Artificial intelligence (AI) has led to innovations and changes in investment management. The technology itself is new and requires massive amounts of data to make decisions, but the investment decisions themselves are often based on the fundamentals that are core to the tool kits used by most investment professionals. The choices for investment and asset management in the age of AI continue to increase, leaving investors with a lot of opportunity today—and in the future.
The investment techniques used in pure AI strategies would be familiar to investment professionals. Their added advantage that the machine or system is able, quickly, to digest tremendous volumes of data and continually learn, with most systems looking for data patterns that provide an investment signal. Some of these patterns are built on traditional technical analysis, such as moving averages and relative strength index, as well as more fundamental techniques like Sharpe ratios, beta, short interest, and correlations.
In many ways, the style of investing used by AI strategies is similar to many quantitative strategies. The core difference with AI-based investing is that the system not only has the ability to learn from new data but also has the discretion to invest as well as change the approach in changing market conditions. Traditionally, this last step has some form of human intervention and can be filled with tremendous investment bias, which often detracts from a manager’s performance.
One downside to AI-based investing is that these new technologies come with limited historical performance; this is particularly relevant for today’s investors, who have been experiencing a sustained bull market. The AI investment performance in a sustained bear market still needs to be proven.
There are also the pessimists who say that 90,000 asset management jobs will disappear as a result of AI by 2025. However, the reality is more likely that the skill set required will drive a different labour force adding technology roles and shedding more traditional finance and middle management roles.

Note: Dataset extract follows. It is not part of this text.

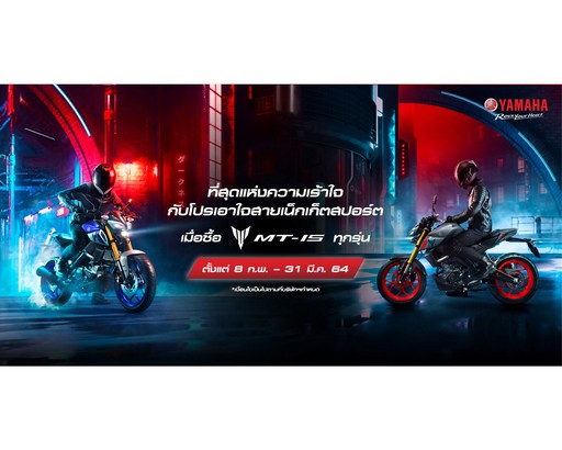 บริษัท ไทยยามาฮ่ามอเตอร์ จำกัด จัดโปรดีลสุดคุ้ม รับสิทธิ์ส่วนลดทันที 2 ต่อ เมื่อซื้อ YAMAHA MT-15 ทุกรุ่น ที่สุดแห่งความเร้าใจเอาใจชาวเน็กเก็ตสปอร์ต ตั้งแต่วันที่ 8 กุมภาพันธ์ – 31 มีนาคม 2564 รับทันทีต่อที่ 1 Gift Voucher ส่วนลดมูลค่า 7,000 บาท (รับสิทธิ์ได้ที่ร้านผู้จำหน่ายรถจักรยานยนต์ยามาฮ่าทุกสาขา) และต่อที่ 2 รับส่วนลดมูลค่า 2,000 บาท เมื่อซื้อกล่องติดท้ายรถที่ร้าน First Moto-Touring Shop (เฉพาะสินค้าที่ร่วมรายการ สอบถามข้อมูลเพิ่มเติม FB: First Moto-Touring Shop หรือโทร.09-0264-5639) *เงื่อนไขเป็นไปตามที่บริษัทฯ กำหนด และบริษัทขอสงวนสิทธิ์ในการเปลี่ยนแปลงรายละเอียดโดยไม่ต้องแจ้งให้ทราบล่วงหน้า

AI investing is shifting the asset management industry around the world. The number of firms using it continues to grow, with large asset managers now investing heavily in the space. In Canada, however, a host of innovative smaller firms have entered into the AI investing space with technology-heavy offerings. As these firms drive forward with AI investment strategies, their strategies will be critical to watch.
Vancouver-based Responsive, for example, is an AI-driven wealth manager that offers managed investment accounts for both passive and active data-driven portfolios. They are using AI to monitor signals and make investment decisions using ETFs as their core asset. Toronto-based hedge fund manager Castle Ridge Asset Management is another example, coining itself as a firm where “machine learning meets portfolio management.” Its AI-based system is programmed to discover specific and sometimes unique market patterns. The signals anticipate events like strong earnings and stock acquisitions, allowing the fund to position ahead of the anticipated event, reaping any potential benefit.
For Canadians who prefer to manage their own portfolios through ETFs, Horizons launched its first AI ETF (TSX: MIND) last November. This is a 100 per cent AI-driven ETF that overweights and underweights regional, country, and index ETFs with monthly rebalancing. It is able to digest large quantities of data, and monitors more than 50 investment metrics to provide signals. With the launch of MIND, Horizons has brought AI within reach for almost all investors.
Investing in the companies that supply and service AI itself requires a more traditional lens, essentially using a fundamental approach to single-stock investing. The hardware side includes semiconductor firms, who are major suppliers of graphic processors; the software side is filled with large and small tech companies that are using data in innovative ways.
With increased choice, more innovations, and some research, investors are likely to benefit from AI’s growing importance across the financial industry —and particularly in asset management.